Tras haber visto y deliberado las presentes actuaciones, la Sala de lo Social del T.S.J. de Asturias, formada por los Iltmos Sres. D. JOSE ALEJANDRO CRIADO FERNANDEZ, Presidente, Dª. MARIA VIDAU ARGÜELLES y D. JESUS MARIA MARTIN MORILLO, Magistrados, de acuerdo con lo prevenido en el artículo 117.1 de la Constitución Española ,
EN NOMBRE DE S.M. EL REY
Y POR LA AUTORIDAD QUE LE CONFIERE
EL PUEBLO ESPAÑOL
ha dictado la siguiente
S E N T E N C I A
En el RECURSO SUPLICACION 0002295/2015, formalizado por el Letrado D. JOSE RAMON BALLESTEROS ALONSO, en nombre y representación de Abilio , contra la sentencia número 418/2015 dictada por JDO. DE LO SOCIAL N. 2 de OVIEDO en el procedimiento SEGURIDAD SOCIAL 0000606/2014, seguidos a instancia de Abilio frente al INSS y la TGSS, siendo Magistrado-Ponente el Ilmo Sr D. JESUS MARIA MARTIN MORILLO.
De las actuaciones se deducen los siguientes:
Antecedentes
PRIMERO:D. Abilio presentó demanda contra el INSS y la TGSS, siendo turnada para su conocimiento y enjuiciamiento al señalado Juzgado de lo Social, el cual, dictó la sentencia número 418/2015, de fecha veinticuatro de julio de dos mil quince .
SEGUNDO:En la sentencia recurrida en suplicación se consignaron los siguientes hechos expresamente declarados probados:
1º) El trabajador nacido el NUM000 de 1951, afiliado a la Seguridad Social con el nº NUM001 , tiene como profesión habitual la de ganadero. El 11 de septiembre de 2013 sufrió un accidente de trabajo que determinó el inicio de un periodo de incapacidad temporal del que fue alta por mejoría el 27 de marzo de 2014.
2º) Solicitó la valoración de su estado que inició al expediente en el que se dictó resolución el 22 de abril de 2014 en la que se le reconocía lesiones permanentes no invalidantes, frente a la que interpuso reclamación previa en tiempo y forma que fue desestimada por otra resolución de 17 de junio; interpuso la demanda el 22 de julio.

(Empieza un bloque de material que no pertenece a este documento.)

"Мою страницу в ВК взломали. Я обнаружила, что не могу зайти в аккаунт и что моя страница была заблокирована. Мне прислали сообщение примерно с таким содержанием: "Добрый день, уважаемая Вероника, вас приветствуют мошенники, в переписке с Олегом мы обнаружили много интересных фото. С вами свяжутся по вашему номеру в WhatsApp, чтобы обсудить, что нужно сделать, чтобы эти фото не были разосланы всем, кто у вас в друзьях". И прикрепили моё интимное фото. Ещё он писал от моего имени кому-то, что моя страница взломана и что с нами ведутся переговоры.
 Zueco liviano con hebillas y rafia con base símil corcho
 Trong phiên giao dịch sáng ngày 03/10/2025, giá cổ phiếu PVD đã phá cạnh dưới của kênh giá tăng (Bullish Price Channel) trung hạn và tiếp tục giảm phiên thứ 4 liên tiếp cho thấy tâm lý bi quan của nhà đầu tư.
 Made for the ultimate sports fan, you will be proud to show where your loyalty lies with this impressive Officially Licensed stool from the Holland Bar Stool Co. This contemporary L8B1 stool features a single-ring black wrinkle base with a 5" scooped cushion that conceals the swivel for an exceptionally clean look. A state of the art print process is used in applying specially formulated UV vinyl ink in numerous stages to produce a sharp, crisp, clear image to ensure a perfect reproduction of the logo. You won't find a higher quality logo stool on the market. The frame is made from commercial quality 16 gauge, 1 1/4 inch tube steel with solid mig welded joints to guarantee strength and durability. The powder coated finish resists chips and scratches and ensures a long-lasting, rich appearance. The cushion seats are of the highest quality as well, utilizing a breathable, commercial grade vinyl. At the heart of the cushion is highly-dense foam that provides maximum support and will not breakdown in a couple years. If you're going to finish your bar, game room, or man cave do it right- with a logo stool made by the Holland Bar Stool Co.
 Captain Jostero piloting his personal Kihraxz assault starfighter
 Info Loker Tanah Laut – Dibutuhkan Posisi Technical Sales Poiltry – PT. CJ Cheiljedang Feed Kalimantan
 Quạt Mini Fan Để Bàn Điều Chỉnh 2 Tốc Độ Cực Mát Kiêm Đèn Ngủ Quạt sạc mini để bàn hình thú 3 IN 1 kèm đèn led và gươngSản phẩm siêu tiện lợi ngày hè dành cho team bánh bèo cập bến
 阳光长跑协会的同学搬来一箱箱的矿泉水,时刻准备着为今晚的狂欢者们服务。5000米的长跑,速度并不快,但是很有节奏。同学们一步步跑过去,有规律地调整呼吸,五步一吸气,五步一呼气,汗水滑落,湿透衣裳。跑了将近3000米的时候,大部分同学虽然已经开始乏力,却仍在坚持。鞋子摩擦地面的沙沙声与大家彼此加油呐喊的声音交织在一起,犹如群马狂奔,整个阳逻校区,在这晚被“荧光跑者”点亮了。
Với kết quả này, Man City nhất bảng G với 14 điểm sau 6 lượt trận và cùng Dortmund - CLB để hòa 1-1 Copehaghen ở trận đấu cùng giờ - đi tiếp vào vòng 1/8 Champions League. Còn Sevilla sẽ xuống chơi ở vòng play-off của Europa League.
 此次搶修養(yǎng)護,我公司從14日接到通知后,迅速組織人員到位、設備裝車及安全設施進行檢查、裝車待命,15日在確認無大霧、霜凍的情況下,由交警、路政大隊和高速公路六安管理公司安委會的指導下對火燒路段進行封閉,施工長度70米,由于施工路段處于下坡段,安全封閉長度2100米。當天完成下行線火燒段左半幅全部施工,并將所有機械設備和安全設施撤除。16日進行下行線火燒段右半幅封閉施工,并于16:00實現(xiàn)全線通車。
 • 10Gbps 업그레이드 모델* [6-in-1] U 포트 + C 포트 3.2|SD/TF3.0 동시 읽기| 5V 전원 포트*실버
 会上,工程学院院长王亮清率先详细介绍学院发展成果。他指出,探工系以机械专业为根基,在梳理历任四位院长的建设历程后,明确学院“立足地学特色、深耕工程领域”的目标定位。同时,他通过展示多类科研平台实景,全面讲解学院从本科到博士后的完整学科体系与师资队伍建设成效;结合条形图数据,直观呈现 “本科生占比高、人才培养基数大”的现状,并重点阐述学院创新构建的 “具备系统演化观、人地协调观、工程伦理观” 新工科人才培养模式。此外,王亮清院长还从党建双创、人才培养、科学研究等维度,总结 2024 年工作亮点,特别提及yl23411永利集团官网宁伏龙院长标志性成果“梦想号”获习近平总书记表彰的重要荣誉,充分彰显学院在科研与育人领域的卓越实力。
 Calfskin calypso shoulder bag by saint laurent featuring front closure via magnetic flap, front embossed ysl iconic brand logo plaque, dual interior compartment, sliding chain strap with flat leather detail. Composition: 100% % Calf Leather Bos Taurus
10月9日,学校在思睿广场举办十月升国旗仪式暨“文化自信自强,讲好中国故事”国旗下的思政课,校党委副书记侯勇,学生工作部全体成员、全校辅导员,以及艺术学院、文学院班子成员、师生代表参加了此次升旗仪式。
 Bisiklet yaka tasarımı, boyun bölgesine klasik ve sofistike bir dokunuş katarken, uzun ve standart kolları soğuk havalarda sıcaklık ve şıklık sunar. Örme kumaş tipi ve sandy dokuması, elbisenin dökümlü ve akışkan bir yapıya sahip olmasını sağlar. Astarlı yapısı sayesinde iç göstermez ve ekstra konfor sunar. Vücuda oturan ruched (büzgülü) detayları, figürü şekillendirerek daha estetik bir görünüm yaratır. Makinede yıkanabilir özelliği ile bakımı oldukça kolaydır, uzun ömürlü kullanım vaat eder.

3º) El Equipo de Valoración de Incapacidades emitió dictamen-propuesta en fecha 22/04/2014, el cual consta en autos.
4º) En el accidente de trabajo sufrió la rotura del extensor largo del pulgar de la mano derecha que es la dominante. La exploración mostró reducción de la extensión, aducción y flexión del 1º dedo, con oposición con fuerza en todos los dedos, hace puño completo. La movilidad en su conjunto está reducida en menos de un 50%.
5º) La base reguladora mensual es de 870,52 €.
TERCERO:En la sentencia recurrida en suplicación se emitió el siguiente fallo o parte dispositiva:
'Que desestimo la demanda interpuesta por Abilio contra el INSTITUTO NACIONAL DE LA SEGURIDAD SOCIAL y la TESORERIA GENERAL DE LA SEGURIDAD SOCIAL, absolviendo a los demandados de todos los pedimentos de la demanda'.
CUARTO:Frente a dicha sentencia se anunció recurso de suplicación por Abilio formalizándolo posteriormente. Tal recurso no fue objeto de impugnación por la contraparte.
QUINTO:Elevados por el Juzgado de lo Social de referencia los autos principales a esta Sala de lo Social, tuvieron los mismos entrada en fecha 23 de octubre de 2015.
SEXTO:Admitido a trámite el recurso se señaló el día 26 de noviembre de 2015 para los actos de votación y fallo.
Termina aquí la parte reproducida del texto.